У меня за спиной кто-то — Рита или Кора — оставляет свое место в живой картине и шлепает в кухню. Командор сидит, смотрит в пол. Командор вздыхает, из внутреннего кармана кителя вынимает очки для чтения, в золотой оправе, надевает. Теперь он похож на сапожника из старой книжки сказок. Есть ли предел его личинам, его доброжелательности?
Мы наблюдаем за ним: каждый дюйм, любую дрожь.
Быть мужчиной, за которым наблюдают женщины. Как это, наверное, странно. Когда они безотрывно смотрят. Спрашивают себя: как он поступит дальше? Как они вздрагивают, едва он шевелится, пусть шевеление вполне безвредно — пепельницу взять, например. Как они его оценивают. Думают: он не может так поступить, не поступит, так не пойдет, будто он — одежка, устарелая или убогая, но все равно придется надеть, потому что больше ничего нет.
Как они примеряют его, примериваются, примиряются, и он примеривает их, как носок на ногу, на свой отросток, лишний, чувствительный палец, щупальце, нежный слизняковый глаз на стебельке, он выталкивается, увеличивается, содрогается и съеживается вновь, если коснуться его неправильно, вновь вырастает, на кончике чуть раздувается, ползет, словно по листу, в глубь них, алчет видеть. Прозреть вот так, на этой дороге во тьму, что состоит из женщин, женщины, которая видит в темноте, а сам он слепо тянется вперед.
Она наблюдает за ним изнутри. Мы все за ним наблюдаем. Вот и все, что мы взаправду можем, и не просто так: если он оступится, упадет, умрет — что будет с нами? Не удивительно, что он — будто сапог, жесткий снаружи, формует мякоть подъема. Это лишь мои мечты. Я давно за ним наблюдаю, и он ни разу не дал слабину.
Но берегись, Командор, говорю я ему про себя. Я с тебя глаз не спущу. Один ложный шаг — и я мертва.
И все же какой ад — вот так быть мужчиной.
Какая нормальность.
Какой ад.
Какое безмолвие.
Появляется вода, Командор пьет.
— Спасибо, — говорит он. Кора шуршит на место.
Командор замирает, очи долу, проглядывает страницу. Не торопится, словно позабыл о нас. Как человек, что вилкой возит стейк по тарелке у ресторанного окна, притворяется, будто не видит глаз, что наблюдают из голодного мрака футах в трех от его локтя. Мы чуть клонимся к нему — железная стружка к его магниту. У него есть то, чего нет у нас, — у него есть слово. Как мы его транжирили когда-то.
Командор вроде бы неохотно принимается читать. Читает он неважно. Может, ему просто скучно.

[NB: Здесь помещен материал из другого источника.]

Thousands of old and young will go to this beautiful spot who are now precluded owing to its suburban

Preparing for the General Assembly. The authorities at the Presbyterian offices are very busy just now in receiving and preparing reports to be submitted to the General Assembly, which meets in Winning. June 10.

Обычная история, обычные истории. Господь — Адаму, Господь — Ною. Плодитесь и размножайтесь, и наполняйте землю [39] . Затем басня о заплесневелых престарелых Рахили и Лии [40] , нам это втюхивали в Центре. Дай мне детей, а если не так, я умираю. Разве я Бог, Который не дал тебе плода чрева? Вот служанка моя Валла; войди к ней; пусть она родит на колени мои, чтобы и я имела детей от нее. И так далее и тому подобное. Нам это каждый день читали за завтраком, мы сидели в школьном кафетерии, ели овсянку со сливками и коричневым сахаром. Вам, знаете ли, достается лучшее, говорила Тетка Лидия. Идет война, все по талонам. Избаловали вас, блестела она глазом, точно укоряла котят. Плохая киска.

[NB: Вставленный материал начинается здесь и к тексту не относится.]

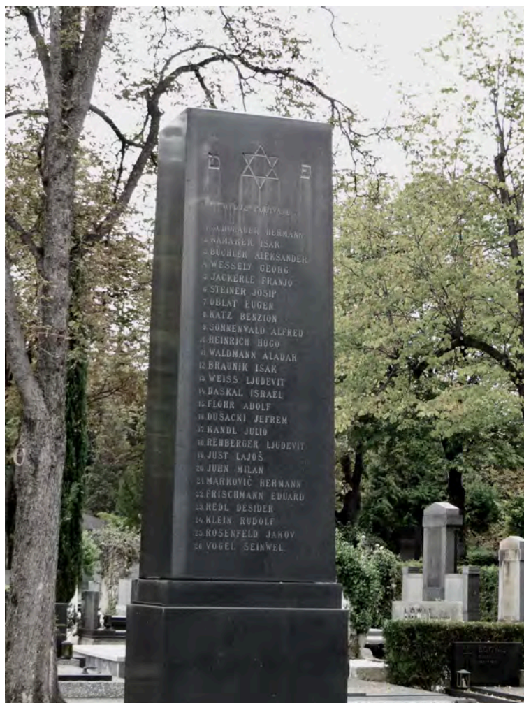
Fig. 1. Detail of the monument to Jewish war victims, Mirogoj cemetery (Zagreb, 1930)

them inhabitants of Croatia and Slavonia – who died and were buried in Zagreb [Fig. 1].

На обед полагались Блаженства. Блаженны эти, блаженны те. Крутили на диске, мужской голос. Блаженны нищие духом, ибо их есть Царство Небесное. Блаженны милостивые. Блаженны кроткие [41] . Блаженны безмолвные. Я знала, что это они сочинили, я знала, что это неправильно и они многое опускают, но никак не проверишь. Блаженны плачущие, ибо они утешатся [42] .
Когда — не говорили.
Я гляжу на часы за десертом — консервированные груши с корицей, как всегда на обед, — ищу Мойру через два стола от меня. Уже ушла. Я поднимаю руку, мне разрешают выйти. Мы это делаем нечасто и всегда в разное время суток.

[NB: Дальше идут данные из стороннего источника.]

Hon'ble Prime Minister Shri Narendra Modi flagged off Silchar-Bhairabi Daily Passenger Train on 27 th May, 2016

В туалете, как всегда, иду во вторую от конца кабинку.
Ты тут? шепчу я.
Большая и страшная, как моя жизнь, шепчет Мойра.
Что слышно? спрашиваю я.
Особо ничего. Мне надо отсюда сматываться, у меня крыша едет.
Накатывает паника. Нет, Мойра, нет, говорю я, даже не пытайся. В одиночку — ни в коем случае.
Притворюсь больной. Пришлют «неотложку», я видела.
Доберешься только до больницы.
Хоть какое-то разнообразие. Там эти старые хрычовки не гастролируют.
Тебя вычислят.
Не боись, я талант. Я в школе не ела витамин С, у меня цинга была. На ранних стадиях не распознают. Потом заново, и ты в шоколаде. Витаминки спрячу.
Мойра, не надо.
Невыносима одна мысль, что ее не будет тут, со мной. Для меня.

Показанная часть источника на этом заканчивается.